Thursday, May 06, 2010

May 05, 2010

Participants: Tal, Hershel, Gili, Nadine, Jon, Bill, Shirley, Liza, Abraham

I arrived a little late, to Tal welcomed the first guests. Hershel returned after a long absence. Bill and Shirley brought a friend Liza, who had not played any modern games.

Set

Tal, Hershel, Gili

Tal entertained them with this until I arrived. I don't know how it went.

In the Shadow of the Emperor

Nadine 23, Hershel 19, Gili 16, Jon 15

First play for all of us. I read the rules for this last shabbat, and read them again as we set up. It looked like it wasn't going to be too complicated a game, but strategies were not obvious from the first. We all started making essentially random moves until about a third of the way into the game.

This is an area-control, negotiation game with some twists.

The game doesn't specify any kind of negotiation in the rules, but at several points in each round players may decide the fortunes of other players, which leads inevitably to negotiation. I'm not exactly thrilled with that mechanic, unless negotiations are enforceable; I don't enjoy backstabbing games (except Diplomacy, which is nothing but). And, with negotiation over fairly important points, much of your success or failure is a result of other people's whims, which means he who whines most generally wins.

In this game, negotiation plays a strong role unless you play carefully to avoid it. So it's kind of a mix. And we played with hidden victory points (they were trackable, like in Puerto Rico, but no one tracked them), so you couldn't always figure out to whom to give the points, assuming that you wanted to give them to the losing player and gang up on the winner. In actuality, we always guessed correctly. Nevertheless, the other players would have preferred to play with victory points open, so that they didn't have to guess.

Anyhoo ...

Other than that, the game was quite good. It reminded me of a more intense interactive version of Tribune.

It's played over five rounds. On each round:

- you collect income (a bit more if you have certain things on the board)
- all of your pieces on the board "age" (some die)
- you get a new piece or you get a VP or another gold
- you take as many actions as you can afford, and you may get some bonus actions if you had control of an area the previous round; there are various different actions, to age or youthen one of your guys, add new guys, move guys, take a victory point, gain bonus voting power, increase your income level, and so on
- you figure out who has control of each area, winning 2 points if you gain control of it (but not if you simply keep control of it)
- all players who have control of any area now vote for the new emperor, between the current emperor and the contender if there is one; the emperor gains a VP or two and some other bonuses on the next round (and the voters each get a point)

You gain points for: one of the actions, gaining control of an area, being in control of one particular area, voting for the emperor, or being the emperor. All of these are 1 to 2 points each, so final scores are low. All of the other mechanics seem like a lot of work to gain these few points, but it never felt like it was dragging or uninteresting.

In our game, I kind of got knocked out from all areas in mid-game, which made coming back very difficult.

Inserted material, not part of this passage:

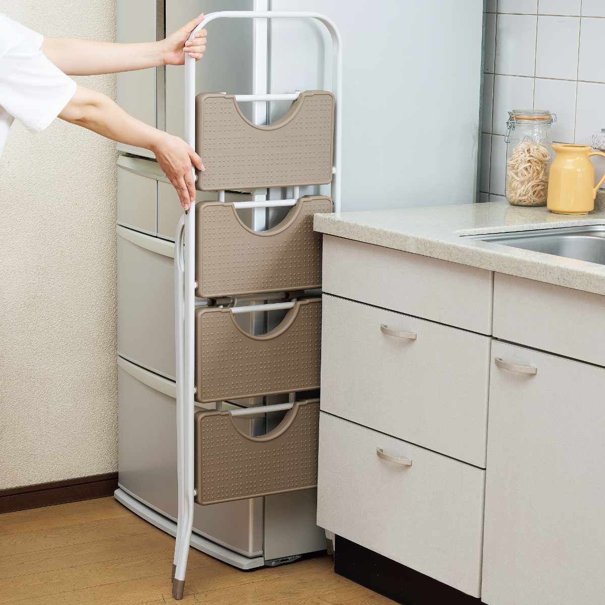 折りたたむと奥行き7.5cmまで薄くなるので、冷蔵庫の横やベッドの下など、ちょっとした隙間に収納できます。また、持ち運ぶときにもスリムになるので便利です。

The only reason I did as well as I did were the few points thrown my way because everyone knew I was losing. None of use knew for sure who was winning, but we all essentially figured out the correct order. Nadine took the most straight victory points directly from the cards, and also had the highest income the earliest; I don't know how she managed that, yet.

R-Eco

Shirley, Bill, Liza

First play for Liza, I don't know what happened. Nadine coached.

Container

Shirley, Bill, Liza, Abraham

I didn't think this was the best first game for a new player, but at least, as Nadine said, the mechanics repeat themselves and are not too difficult. Shirley won.